Determining the maximum readout rate of the RAID controller¶
Similar to traffic patterns on the highways, there is not a linear degradation in the performance of the RAID controller versus the readout rate of the DAQ. Instead, there is a threshold at which the RAID is unable to deliver data fast enough to transfer to permanent storage. Using ganglia plots, we can look at the readout rate of the DAQ and compare it with the slope of the /data volume occupancy. Looking at the plots for these two quantities at the one day scale (Dec 15, 2015) and the one week scale (Dec 8-15, 2015) gives a measure of where this threshold occurs.

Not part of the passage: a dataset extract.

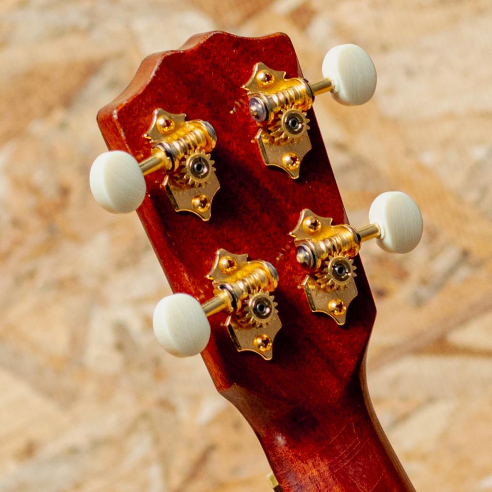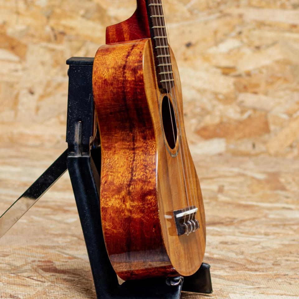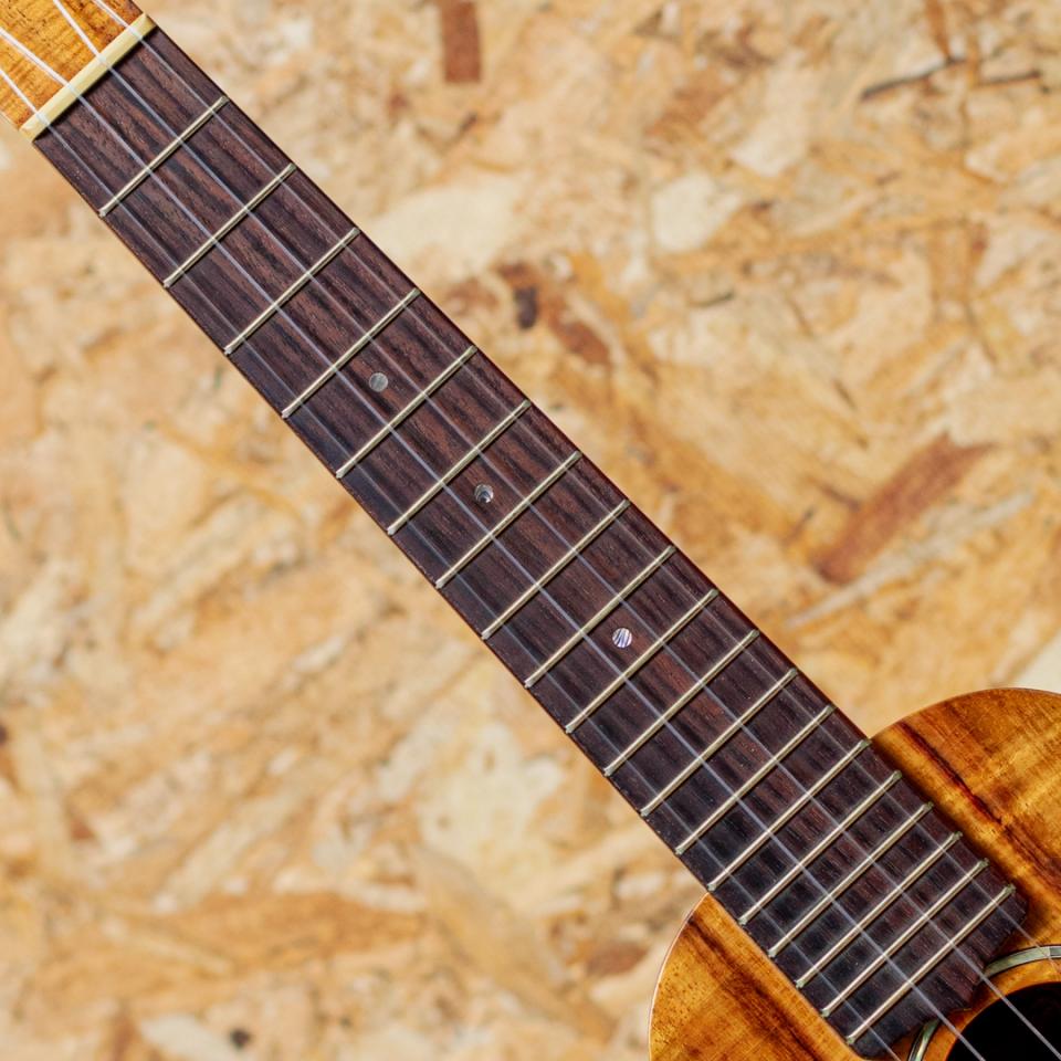 Gストリング社は1993年に設立されたメイド・イン・ハワイブランド本器はきれいな杢のハワイアンコアが使用されたソプラノロングネックモデル2007年製のUSED品。マホガニーネック、ローズウッド指板&ブリッジ、ゴトー製ギアペグ、アバロン指板ドットインレイ、アバロンロゼッタ&ヘッドロゴ。現在はアメリカにて手工で製作され、価格も高騰しておりますが、当時はオワフの工房でチームで製造されており、手の届きやすい価格帯にて幅広く展開。たちまち人気を集め、ハワイアン3大ブランドの一つとまで称されていました。ハワイアンコアらしい甘みたっぷりのサウンドで、素朴さと愛らしさも感じるハワイメイドならではの味わい。細かな打痕や全体的にウェザーチェックとトップの沈みが見られますが、演奏性には問題なく、プレイコンディションは良好です。きれいな杢とアバロンが映える良いルックスの1本。ソフトケース付属です。

Disk usage vs readout rate Dec 15, 2015
These two plots show the disk usage and the readout rate in Hz over 24 hours. It should be noted the the percentage label on the disk usage is incorrect, but the trend and values are valid. The small scale saw-tooth pattern that you see is a consequence of the PUBS workflow where by files are only periodically deleted from the /data volume since their transfer is validated in batches of 100 files. So while the data is streamed continuously, the files are deleted in batches of 100 files. The readout rate varies from as low as 4.0 Hz up to 6.6 Hz. There are several times during the day that the DAQ is stopped and there are large drops in the disk usage (e.g. Midnight, 05:00, 6:30, and 9:00). More interesting is that the volume usage changes from increasing to decreasing when the readout rate drops below 5.3 Hz.¶
Disk usage vs readout rate Dec 8-15, 2015¶
Based upon the information gained from looking at the finer detail from the 24 hour plot of readout rate and /data volume usage, it becomes easier to understand the DAQ readout rate threshold at which the RAID controller can no longer deliver enough read bandwidth. The initial spike that rapidly decreases Wednesday at ~04:00 is due to a beam downtime and the high bandwidth provided when data is not being written by the DAQ. An additional piece of information is that files are not deleted when the /data volume usage is below 10% occupancy. This seen during the "flat" usages period Thursday midday until Friday evening. During this time the readout was rather inconsistent so during stoppages in data taking the transfers were able to catch up. But during steady-state readout above 5.3 Hz, you can see that the occupancy always increases. While Monday midday, the readout was steady at 5.2 Hz and the occupancy was steady and above 10%. This means that the transfer was fast enough to keep pace with data taking, but not so fast as to clean out files still waiting to be transferred.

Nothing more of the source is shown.